== Provided records ==
*****
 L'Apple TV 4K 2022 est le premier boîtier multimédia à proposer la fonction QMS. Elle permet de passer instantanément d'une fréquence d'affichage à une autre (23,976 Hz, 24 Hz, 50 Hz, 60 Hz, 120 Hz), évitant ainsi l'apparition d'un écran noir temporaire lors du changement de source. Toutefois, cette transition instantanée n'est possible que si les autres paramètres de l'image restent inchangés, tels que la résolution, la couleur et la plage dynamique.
*****
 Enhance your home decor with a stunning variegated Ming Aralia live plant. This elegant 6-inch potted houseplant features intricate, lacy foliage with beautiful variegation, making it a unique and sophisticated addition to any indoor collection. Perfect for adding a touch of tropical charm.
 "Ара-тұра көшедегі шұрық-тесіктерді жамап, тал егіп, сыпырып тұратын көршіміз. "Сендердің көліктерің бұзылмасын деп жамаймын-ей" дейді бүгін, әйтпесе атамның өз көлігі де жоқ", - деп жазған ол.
*****
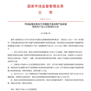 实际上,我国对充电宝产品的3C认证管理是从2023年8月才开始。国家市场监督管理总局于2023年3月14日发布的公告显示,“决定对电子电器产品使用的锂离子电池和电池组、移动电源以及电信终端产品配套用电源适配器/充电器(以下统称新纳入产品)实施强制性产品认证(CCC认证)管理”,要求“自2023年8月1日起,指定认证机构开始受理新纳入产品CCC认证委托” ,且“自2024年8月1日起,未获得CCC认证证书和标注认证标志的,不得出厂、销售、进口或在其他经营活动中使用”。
*****
== Work to complete ==
What is needed is an exact copy of the lines above, from the one containing "Enhance your home" through the one containing "деп жазған ол.", with nothing added.

== Response ==
 Enhance your home decor with a stunning variegated Ming Aralia live plant. This elegant 6-inch potted houseplant features intricate, lacy foliage with beautiful variegation, making it a unique and sophisticated addition to any indoor collection. Perfect for adding a touch of tropical charm.
 "Ара-тұра көшедегі шұрық-тесіктерді жамап, тал егіп, сыпырып тұратын көршіміз. "Сендердің көліктерің бұзылмасын деп жамаймын-ей" дейді бүгін, әйтпесе атамның өз көлігі де жоқ", - деп жазған ол.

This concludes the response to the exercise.